The Observability Blind Spot
Your application traces show you the full journey of a request: from the API gateway through service meshes, database queries, and cache lookups. Every hop is instrumented. Every latency spike is visible.
Then an AI agent makes a decision. Your trace shows the agent was called and that it returned a response. What happened in between, the governance evaluation, the policy checks, the decision rationale, is a black box. If the agent was throttled by a governance policy, your application trace just shows an unexplained delay. If a request was denied, your team sees a 403 with no context about which policy triggered it or why.

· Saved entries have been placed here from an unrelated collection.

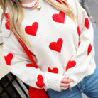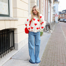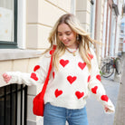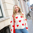 Wunderschöner ecrufarbener Pullover mit roten Herzen. Der Pullover ist übergroß und hat einen Rundhalsausschnitt. Kombinieren Sie es mit Jeans.
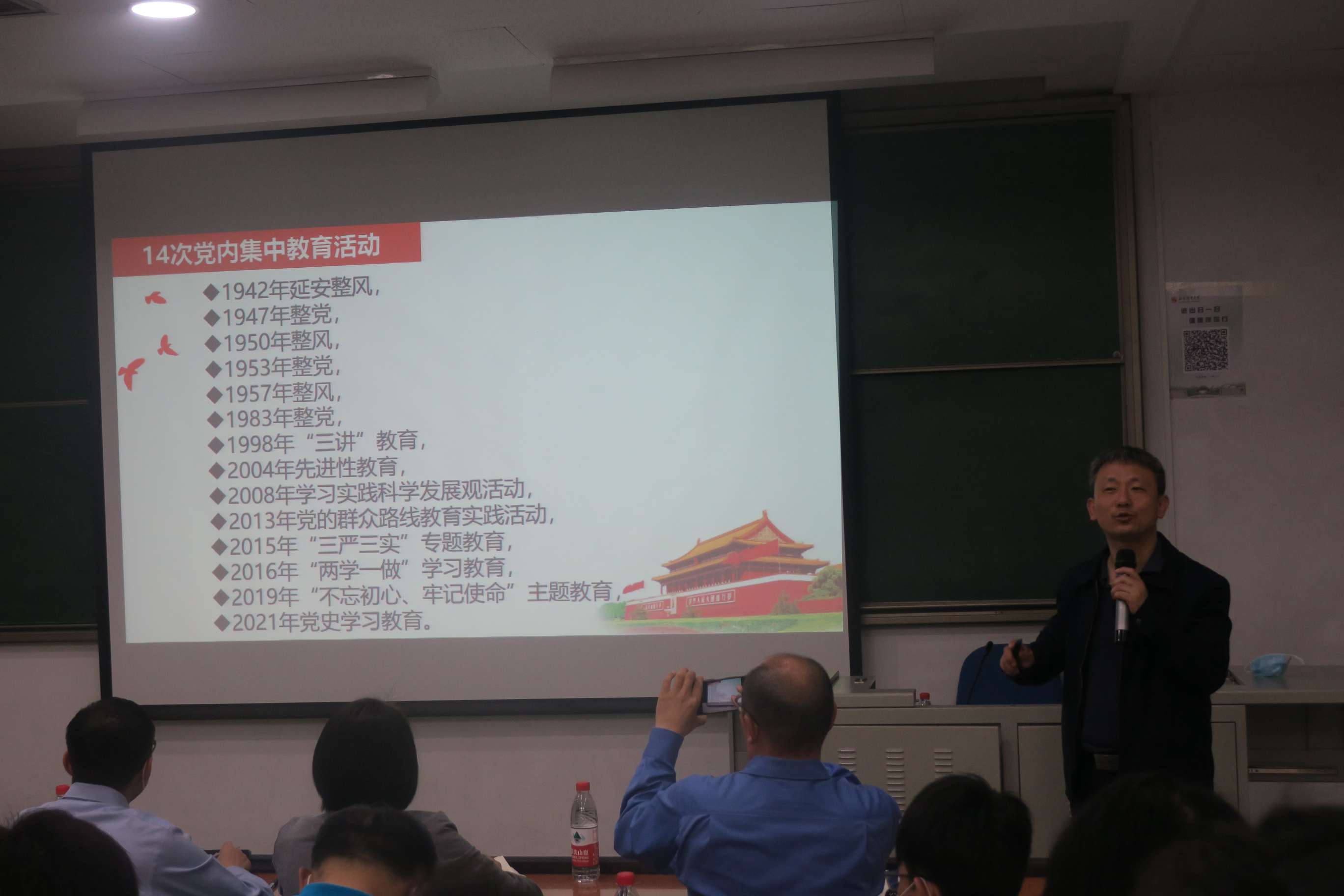 田志宏书记用深入浅出的语言、生动详实的案例,从主要起因、主要内容、主要任务、深远影响等多角度向参会师生介绍了从1942年延安整风运动到2021年党史学习教育,共计14次党内集中教育活动。结合我国现阶段的发展任务和社会需要,田书记对党内集中教育的现实启示进行总结。他强调,开展党的集中教育是提高党的战斗力、推动党的事业更好发展的必然要求。全体师生在党史学习教育中一定要着眼于思想理论武装,坚定理想信念信仰。对马克思主义的信仰,对社会主义和共产主义的信念,是共产党人的政治灵魂,是共产党人经受住任何考验的精神支柱,决定我们的方向和立场,也决定我们的言论和行动。党史学习要着眼于指导实践,推动工作,提高党员素质和干部能力。田书记要求广大师生党员必须要与时俱进,紧跟形势,不断加强学习,更新知识,提升素质。14次党内集中教育活动历程反映了我们党勇于变革、勇于创新、永不僵化、永不停滞的治党治国之道,揭示了我们党始终保持马克思主义政党本色、永不脱离群众和具有蓬勃活力的根本奥秘之所在。田书记指出,通过党史学习教育,提升党员的党性,更好地增强“四个意识”、坚定“四个自信”、做到“两个维护”,通过学党史、悟原理、办实事、开新局,更好更快地推动中华民族伟大复兴建设事业。
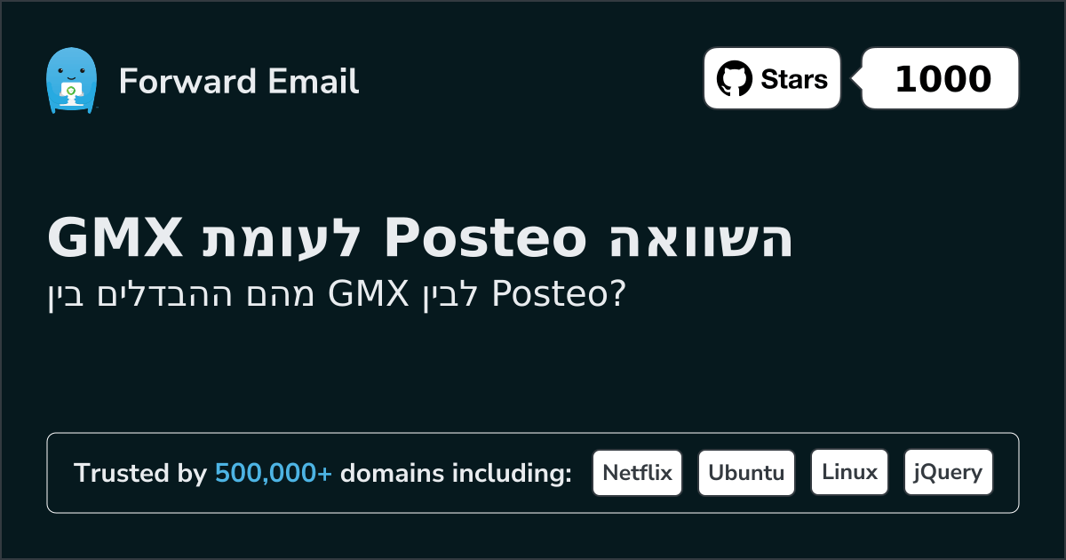 GMX"צור חשבון דוא"ל חינמי במהירות" | לעומת | Posteo"ירוק, מאובטח, ללא פרסומות" |

Today we are launching OpenTelemetry (OTEL) integration for MeshGuard, closing the observability gap between your application layer and your governance layer.
What Gets Traced
When OTEL export is enabled, MeshGuard emits spans for every governance operation:
- Policy evaluation spans showing which policies were checked, the evaluation result, and the time spent in each rule.

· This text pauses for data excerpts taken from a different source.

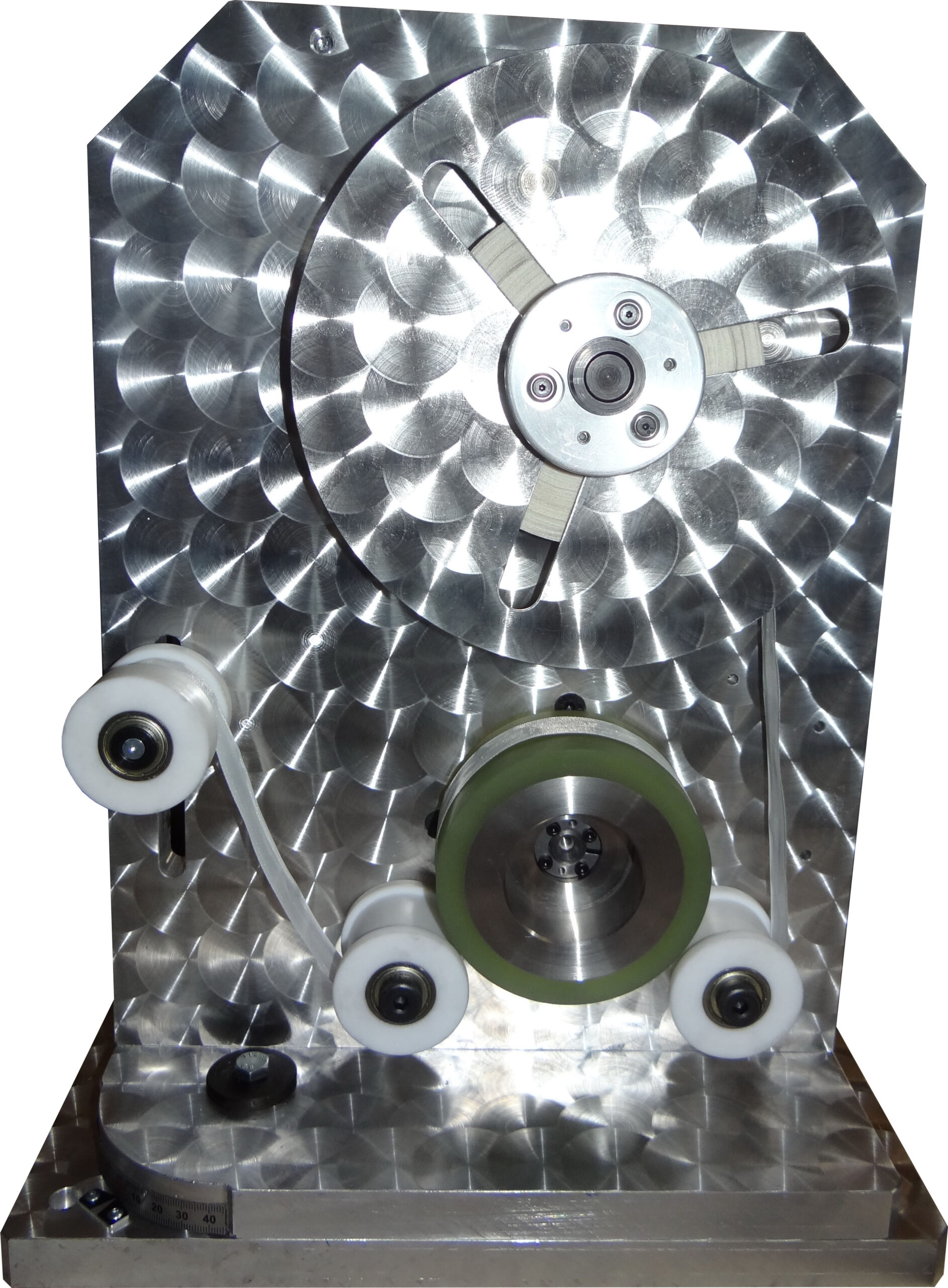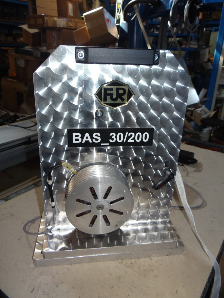Bandablaufsystem als separate Einheit zur Integration in eine bestehende Anlage. Um einen gleichmäßigen Bandabzug zu gewährleisten ist das BAS_30/200 mit einer Hysteresebremse ausgestattet. Die Bandabzugskraft ist dabei durch ein in die Steuerbox integriertes Potentiometer einstellbar. Zudem ist die Trägerplatte manuell schwenkbar und ermöglicht so das Einpassen des Bandeinlaufwinkels zum Wickelkörper.
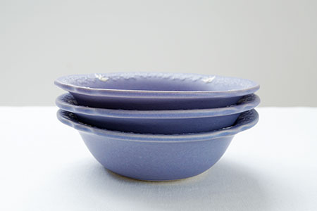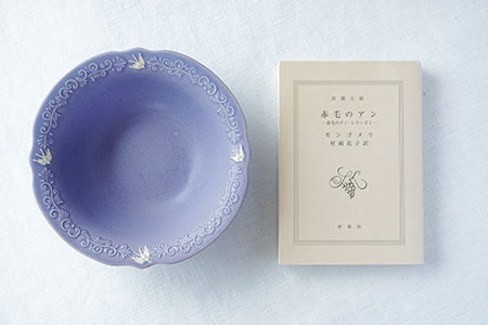 「プルーン」と名づけたやわらかな青紫色に、ツバメの模様がぐるりとデザインされたデザートボウル。
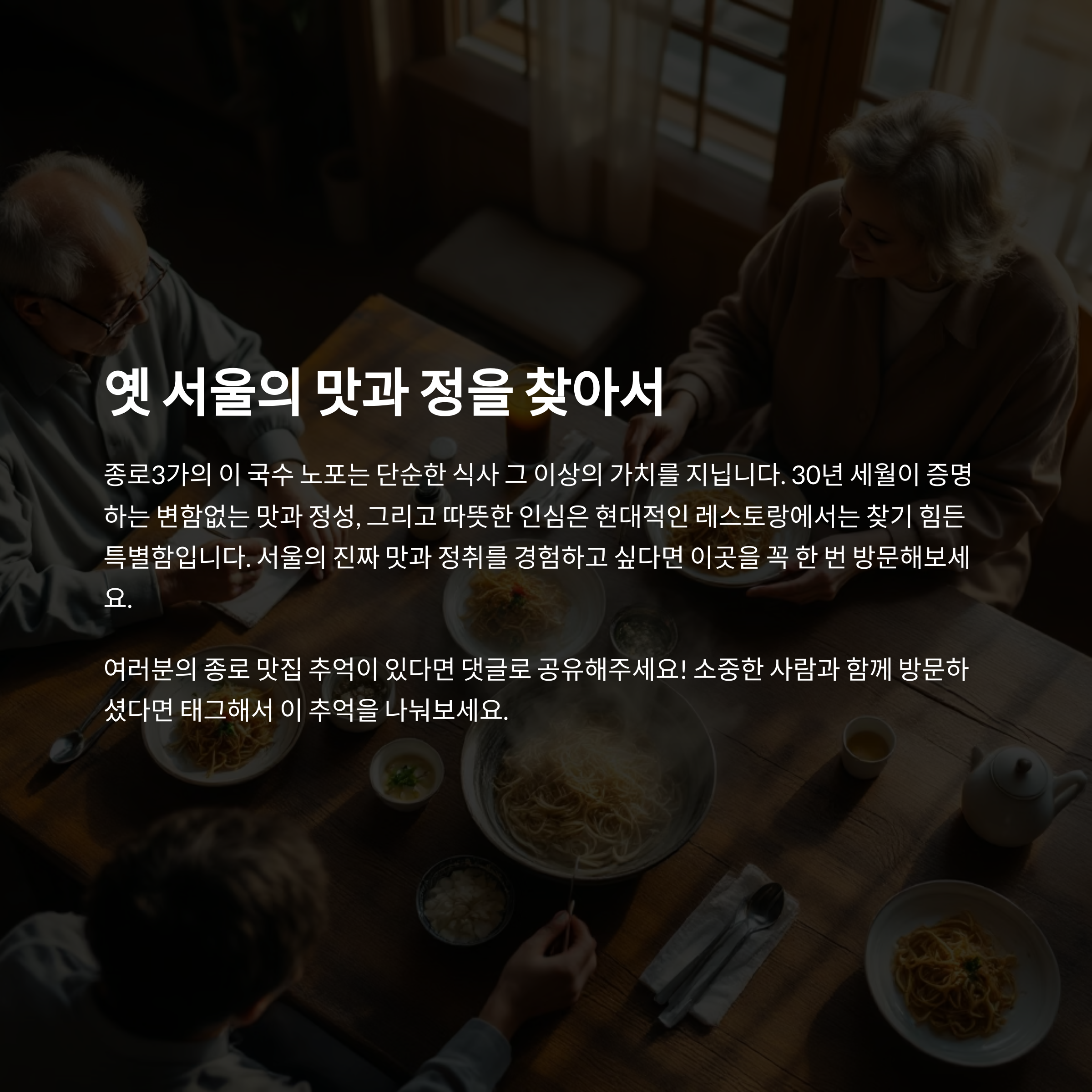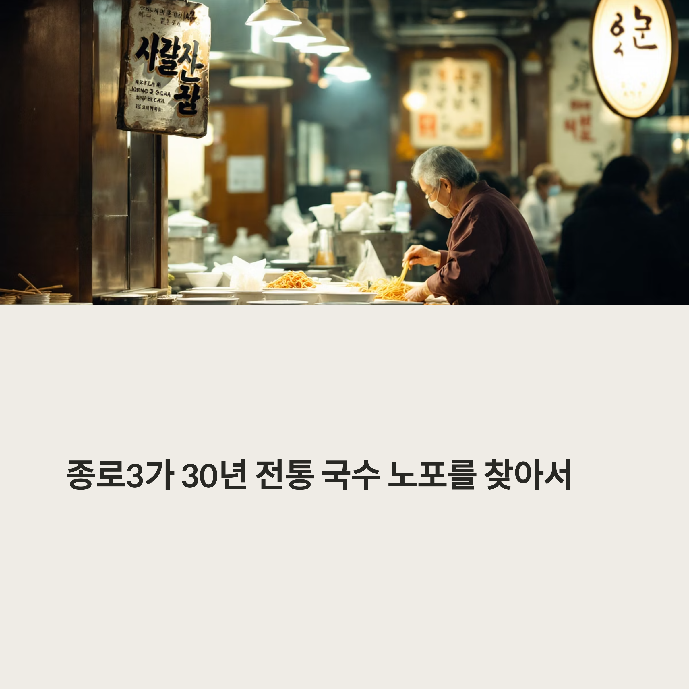 서울 종로 3가는 옛 정취가 살아있는 거리로 유명합니다. 그중에서도 30년 넘게 한 자리를 지켜온 국수 노포들은 특별한 매력을 지니고 있습니다. 이번 글에서는 종로 3가 골목 안 숨겨진 국수 노포를 찾아가 그 맛과 분위기를 생생하게 소개하겠습니다. 전통의 맛, 합리적인 가격, 그리고 따뜻한 손맛이 녹아 있는 이곳은 진정한 미식 여행지라 할 수 있습니다.

- Agent registration and heartbeat spans for tracking agent lifecycle events.
- Alert dispatch spans recording when alerts are triggered and how long delivery takes to each channel.
- Audit log write spans capturing the latency and outcome of compliance logging.

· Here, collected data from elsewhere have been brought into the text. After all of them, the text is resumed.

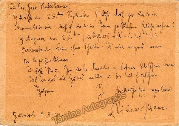 German opera composer (1864-1949), one of the greatest of the 20th century. Autograph note signed, handwritten on a postcard, in German (sold untranslated), dated in Garmish in 1931. Size is 5.5 x 4.1 inches, some wear on borders, otherwise in good condition. ALSO INCLUDED is an unsigned photo of the composer. Size is 4.9 x 6.5 inches, perfect item to frame with the autograph note.
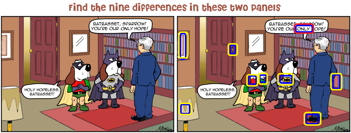 I found a mere six, one of which is NOT among Susan’s nine. Missed two easy ones – pathetic – and still can’t see one that Susan has marked. Plus, Susan has one very subtle diff that I can easily forgive myself for not spotting.
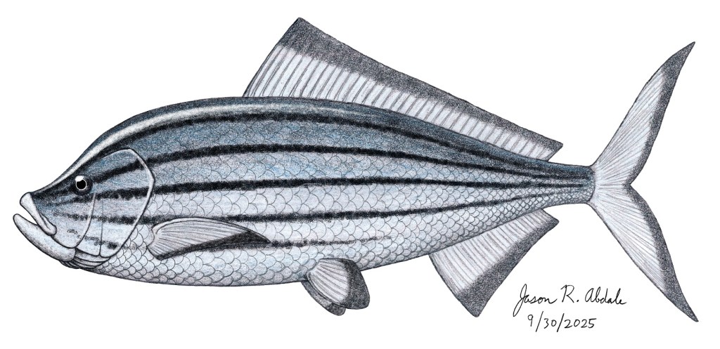 Concavotectum, which was named in 2008 from a single skull, belonged to the family Plethodidae. The plethodids first appeared during the Cenomanian Stage of the middle Cretaceous Period about 100 MYA and were abundant for the next twenty million years. However, around 80 MYA, they started to go into decline. Most plethodid fish are known from the late Cretaceous of North America, but a few are also known from the middle and late Cretaceous of Europe and Africa, Concavotectum being one of them. The plethodids had mouths which were filled with literally thousands of extremely tiny pointed recurved teeth, and it has been hypothesized that they mostly fed on plankton like a modern-day paddlefish. Most plethodids were moderately sized, averaging at about 2 feet long, but Concavotectum was three times bigger. Yet it wasn’t the largest. That honor belongs to Paranogmius, which, though known only from incomplete remains, is estimated to have measured an astounding 10 feet long.
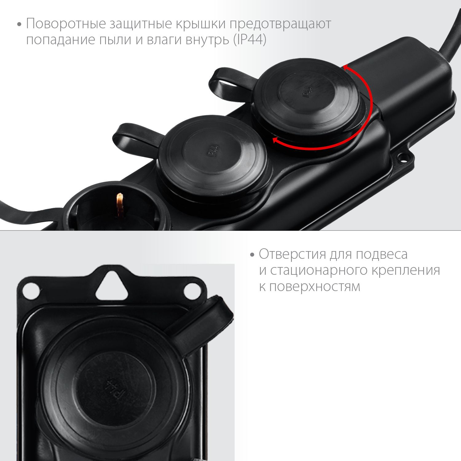 Степень защиты IP44 гарантирует защиту от брызг воды и пыли, что делает удлинитель надежным и долговечным. Это позволяет использовать его в различных условиях, включая работу на улице или в помещениях с повышенной влажностью.

Each span carries attributes that make filtering and correlation straightforward:
meshguard.agent.id: "ag_92kLmx"
meshguard.agent.name: "order-processor-v2"
meshguard.policy.name: "rate-limit-orders"
meshguard.policy.decision: "allow"
meshguard.evaluation.duration_ms: 4.2
meshguard.workspace: "prod"
Enabling the Integration
Configure the OTEL exporter in your MeshGuard workspace settings or via the CLI:
meshguard otel configure \
--endpoint https://otel-collector.internal:4317 \
--protocol grpc \
--workspace prod
MeshGuard supports the OTLP protocol over both gRPC and HTTP, so it works with any OTEL-compatible backend: Jaeger, Grafana Tempo, Datadog, Honeycomb, New Relic, or your own collector.
For SDK-level tracing, enable the OTEL hook when initializing the client:
from meshguard import Client
client = Client(
api_key="mg_api_key_here",
otel_enabled=True,
otel_endpoint="https://otel-collector.internal:4317",
)
Once enabled, every SDK call automatically creates child spans under your application's active trace context. A single distributed trace now shows the full picture: your application logic, the governance evaluation, and the downstream effects.
Why This Matters for Governance
Observability is not just an operational convenience. It directly strengthens your governance posture in three ways.
Incident response. When an agent behaves unexpectedly, you can trace the governance decision chain in the same tool your on-call team already uses. No context switching between dashboards. The policy evaluation is right there in the trace, next to the application span that triggered it.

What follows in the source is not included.